**YOUR OBJECTIVE:** Every line from the one with "Ak Anvers Antwerpen" through the end of the entries below must be retyped exactly, and only those lines. The pictures are not part of the copy.

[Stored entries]

━━━━━━━━━━━━━━━━━━━━

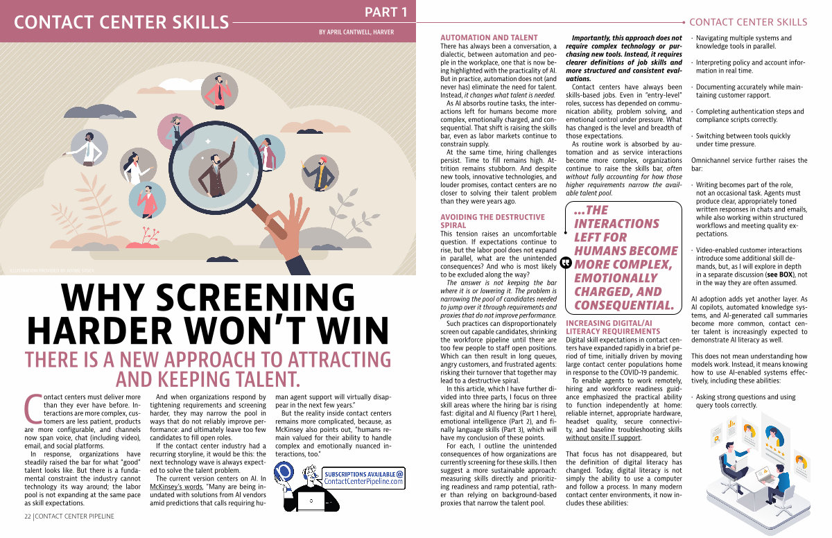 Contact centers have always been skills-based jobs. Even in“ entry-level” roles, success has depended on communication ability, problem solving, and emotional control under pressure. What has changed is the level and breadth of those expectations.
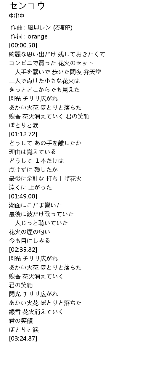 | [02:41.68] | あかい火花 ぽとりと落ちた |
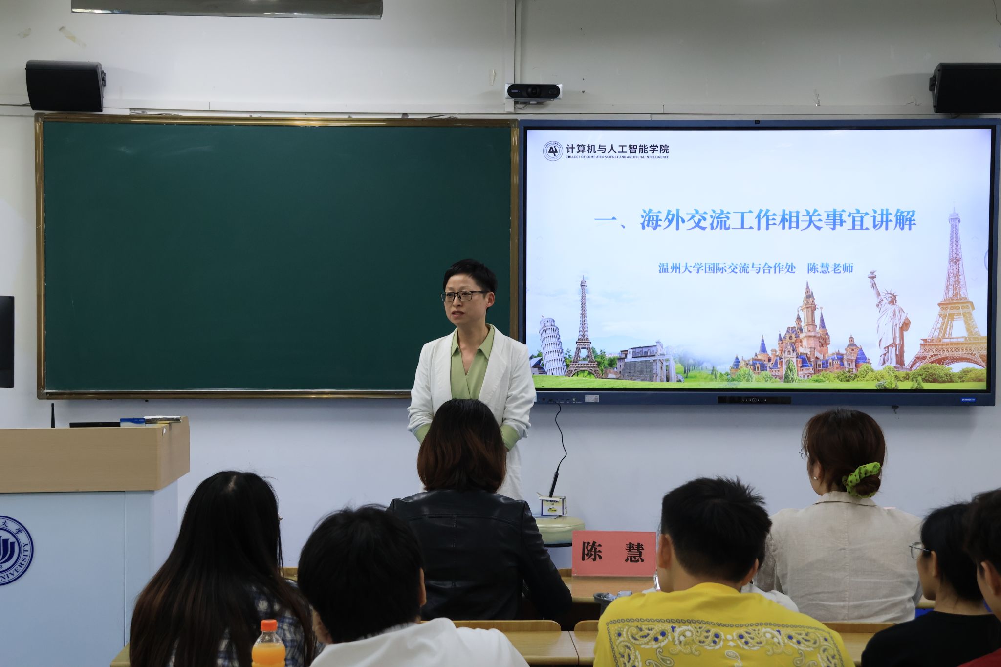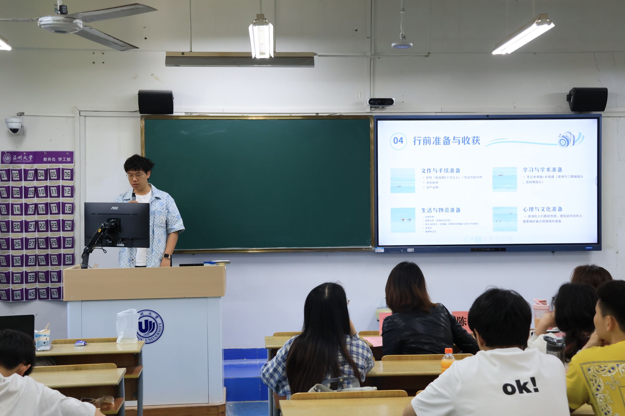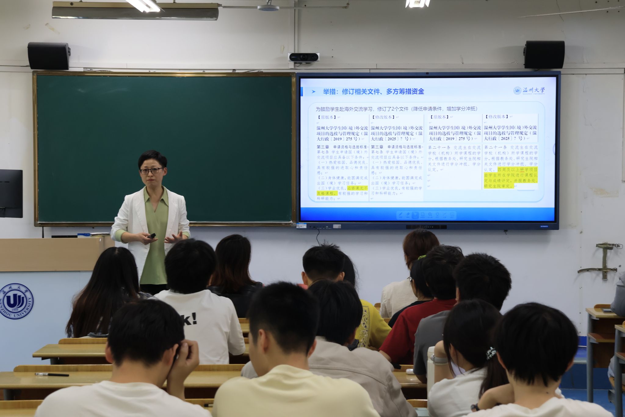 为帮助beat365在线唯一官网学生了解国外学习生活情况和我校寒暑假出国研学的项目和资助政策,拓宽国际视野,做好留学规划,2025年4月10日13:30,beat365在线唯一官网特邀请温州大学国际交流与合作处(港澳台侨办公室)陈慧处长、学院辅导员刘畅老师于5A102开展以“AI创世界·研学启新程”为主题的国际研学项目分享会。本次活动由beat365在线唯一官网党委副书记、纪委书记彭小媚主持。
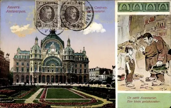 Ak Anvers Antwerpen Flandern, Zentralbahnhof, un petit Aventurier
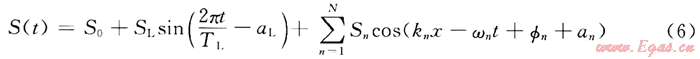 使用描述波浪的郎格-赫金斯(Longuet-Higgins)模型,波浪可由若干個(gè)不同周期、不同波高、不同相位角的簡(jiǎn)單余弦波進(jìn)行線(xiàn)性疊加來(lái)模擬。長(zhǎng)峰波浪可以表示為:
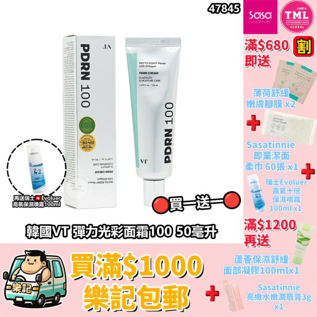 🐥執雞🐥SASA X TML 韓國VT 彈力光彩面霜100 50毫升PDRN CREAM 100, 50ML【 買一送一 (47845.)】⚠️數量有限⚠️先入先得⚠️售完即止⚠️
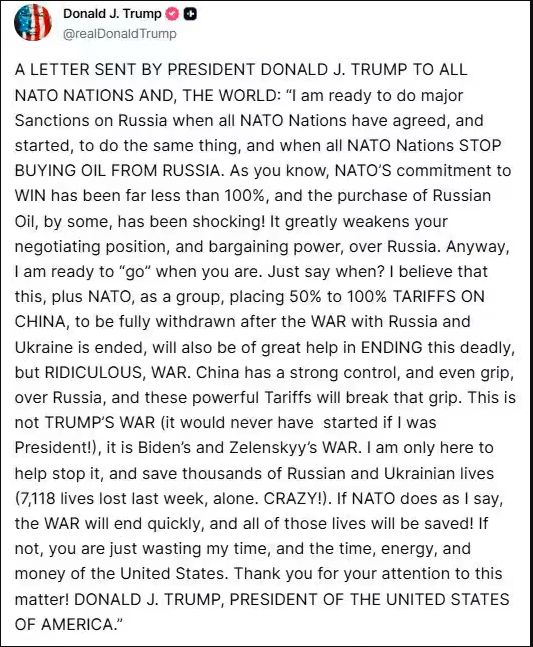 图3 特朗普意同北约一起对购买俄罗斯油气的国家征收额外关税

━━━━━━━━━━━━━━━━━━━━

**COMPLETED EXERCISE:**
 Ak Anvers Antwerpen Flandern, Zentralbahnhof, un petit Aventurier
 使用描述波浪的郎格-赫金斯(Longuet-Higgins)模型,波浪可由若干個(gè)不同周期、不同波高、不同相位角的簡(jiǎn)單余弦波進(jìn)行線(xiàn)性疊加來(lái)模擬。長(zhǎng)峰波浪可以表示為:
 🐥執雞🐥SASA X TML 韓國VT 彈力光彩面霜100 50毫升PDRN CREAM 100, 50ML【 買一送一 (47845.)】⚠️數量有限⚠️先入先得⚠️售完即止⚠️
 图3 特朗普意同北约一起对购买俄罗斯油气的国家征收额外关税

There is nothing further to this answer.